One particularly bitter evening, Yelena finds herself clutching a bottle of cheap gin in her numb hands. The snow’s falling a lot heavier tonight, and the loneliness is starting to gnaw at her insides again. 

That’s when Kate shows up again, seemingly even smaller than before. Her fur is caked with snow, her small body racked with shivers as she slowly trods towards Yelena. Kate looks up at her, eyes wide and desperate. She looks like she’s dying. 

And so, something in Yelena, something buried deep beneath layers of guilt and grief and self-destruction, finally cracks. 

This isn’t about her anymore. This is about a tiny puppy shivering to death in a snowstorm. She’s a reject. An outcast. Just like her. But unlike her, Kate hasn’t chosen this path. She’s simply trying to survive. 

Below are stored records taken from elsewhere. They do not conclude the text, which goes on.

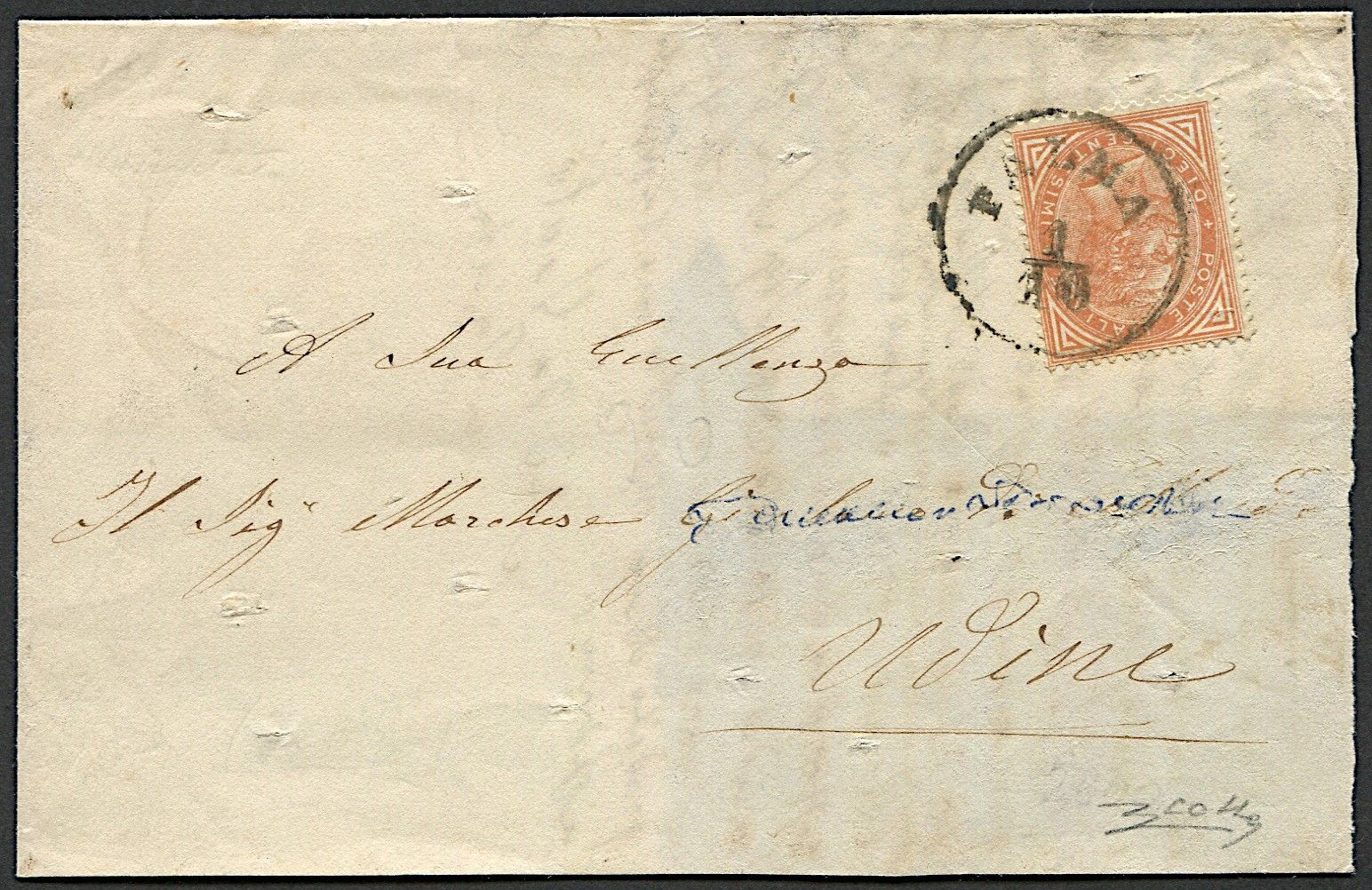 1866, Regno d’Italia, Lettera da Palma per Udine del 1° ottobre 1866
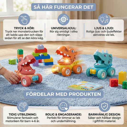 Tryck & kör dino-monstertruckar
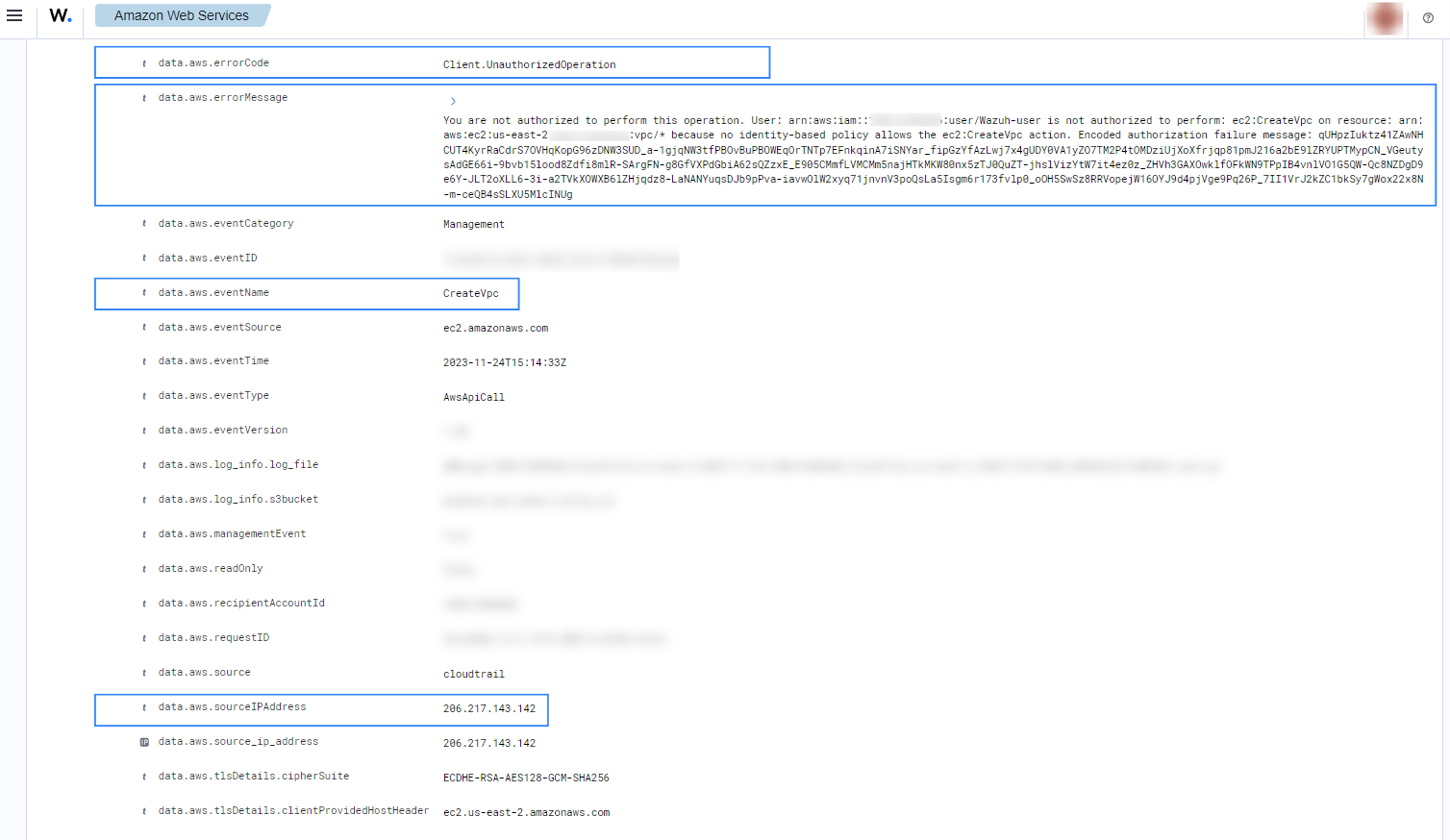 If a user without proper permissions attempts to create a VPC, the following alerts with rule ID 80203 will be shown on the Wazuh dashboard.

And Kate had chosen Yelena.

“God,” Yelena rasps, voice hoarse from the cold and the alcohol. She kneels on the snow precariously, feeling her world tilt precariously. She reaches out to Kate with trembling hands, and the puppy instantly leans into Yelena’s touch. Her fur is icy-cold beneath Yelena’s fingers, which have started to comb through Kate’s matted coat. 

“You are going to freeze to death out here, you know?” Yelena mutters, not realising she’s talking to the puppy. “And I don’t need that on my conscience, okay?” It’s a lie. Yelena knows she has to save this puppy tonight. 

With a groan, she scoops the little thing into her arms and tucks her inside her coat, zipping it up as much as she could around its tiny head. Kate whimpers once, then burrows deeper against Yelena’s chest, like a tiny furnace of warmth. 

“Don’t think this means anything, dog.” Yelena mumbles as she makes her way back. But even as she says the words, something shifts inside of her. A tiny, flame of warmth that starts licking at her, from the puppy currently nestled against her. 

The wind still howls, and the snow still falls, but Yelena barely notices any of it. Her attention is solely on the little puppy she has in her embrace. 

When she starts fumbling for her keys outside her door, she looks down to find the puppy asleep, nestled snugly, like it’s always been stuck to Yelena. 

For the first time in months, Yelena feels a sort of quiet peace settle over her. It’s not a cure, and certainly not an answer. But for one night, just one night, she’s not completely alone. And for a brief, fleeting moment, that feels just enough for her.